*Information given:*
● ● ● ●

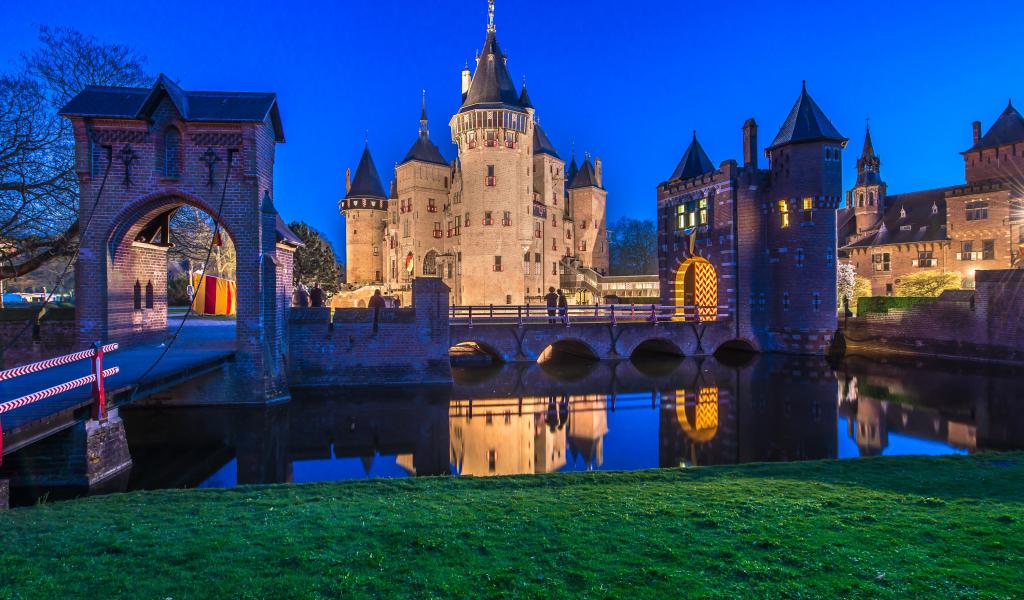 Wallpaper Ancient castle De Haar in the evening, Netherlands
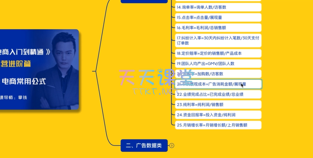 • 广告数据类:涵盖了广告占比、点击转化率、PPC、ROI、保本投产比、环比、同比等9个广告数据的计算公式和含义,让学员了解电商的推广效果和投入产出比的评估方法。
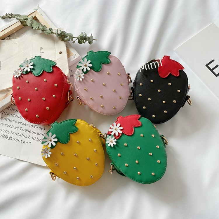 Children’s Bag 2022 Korean Style Cute Cartoon Strawberry Girl’s Single Bag Fashion Rivet Decoration Baby’s Coin Purse
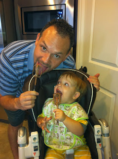 Max got lots of practice with a big boy fork. He really loved all the fruit, especially cantaloupe and pineapple.
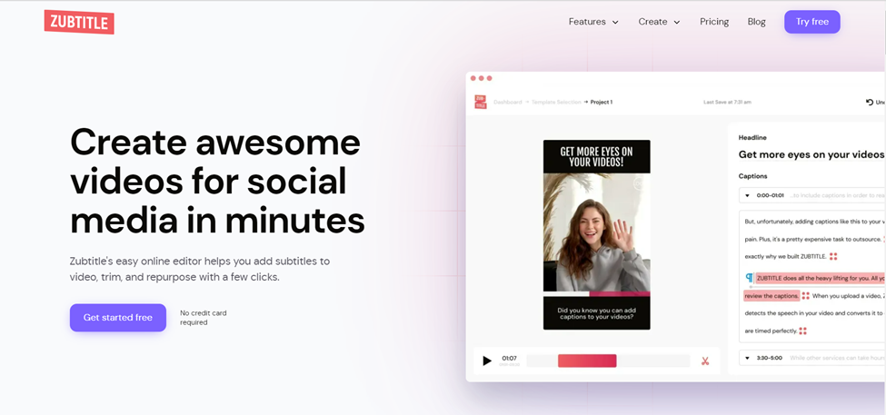 Zubtitle is more than just an auto-subtitle generating software. It has features that allow you to burn your captions directly in different video sizes and even download the transcribed files in .TXT and .SRT formats.
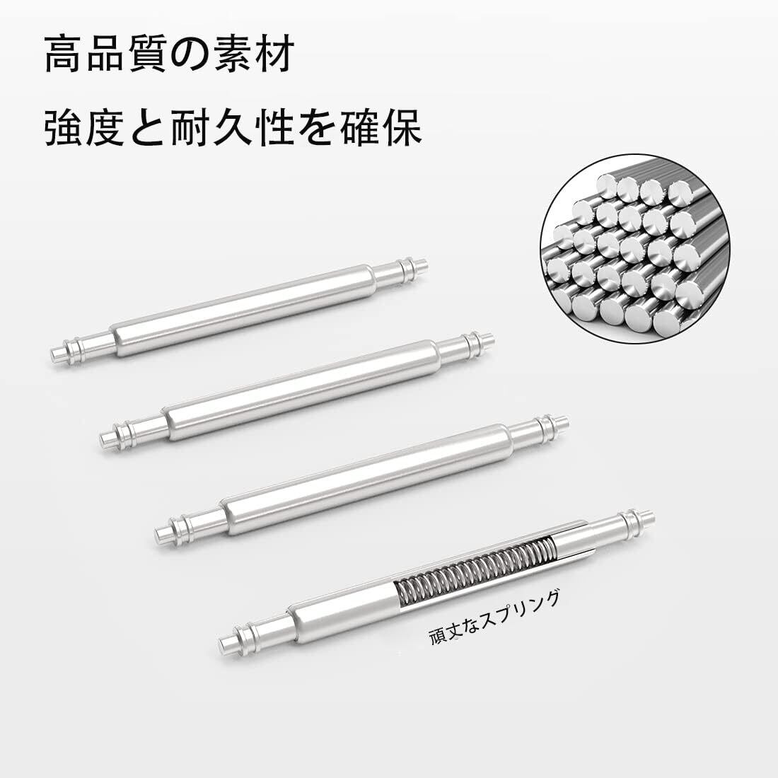 本製品は高品質のステンレス鋼を使用しており、耐久性に優れています。しっかりとした作りで、長期間にわたって安定した性能を発揮します。バネ棒外しや替えの針も付属しており、幅広い時計に対応可能です。
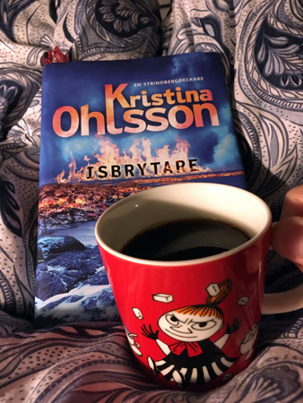 Boken Isbrytare o kaffe i Lilla Mymugg på sängen
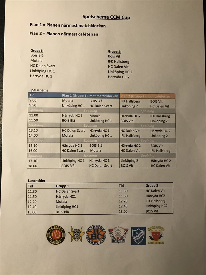 Hej! Här kommer lite info om lördagen! Barnen får lunch och ett mellanmål! Kan va bra att ta med nåt mer som frukt, yoghurt risifrutti! Samling 8 i Mariestad ishall. Kör försiktigt det verkar bli kallare till helgen! Välkommen till CCM Cup i Mariestad den 30 november 2019 för U10 (spelare födda 2010 och senare) Cupen spelas på halvplan med 4 utespelare och 1 målvakt. Cupinfo: 10 lag som fördelas i 2 grupper, 2 mather spelas samtidigt. Speltiden Är 2 x 15 minuter med 90 sekunders tutbyten. Tiden stannas vid byten. Alla lag möter lag i gruppen vilket innebär att alla lag spelar 4 matcher. Alla spelare får medalj och alla lag är segrare!

● ● ● ●

*What is needed:* Your reply should hold nothing but the lines above, from the one containing "Zubtitle is more" to the one containing "Boken Isbrytare o", reproduced exactly minus the pictures.

*The completed task:*
 Zubtitle is more than just an auto-subtitle generating software. It has features that allow you to burn your captions directly in different video sizes and even download the transcribed files in .TXT and .SRT formats.
 本製品は高品質のステンレス鋼を使用しており、耐久性に優れています。しっかりとした作りで、長期間にわたって安定した性能を発揮します。バネ棒外しや替えの針も付属しており、幅広い時計に対応可能です。
 Boken Isbrytare o kaffe i Lilla Mymugg på sängen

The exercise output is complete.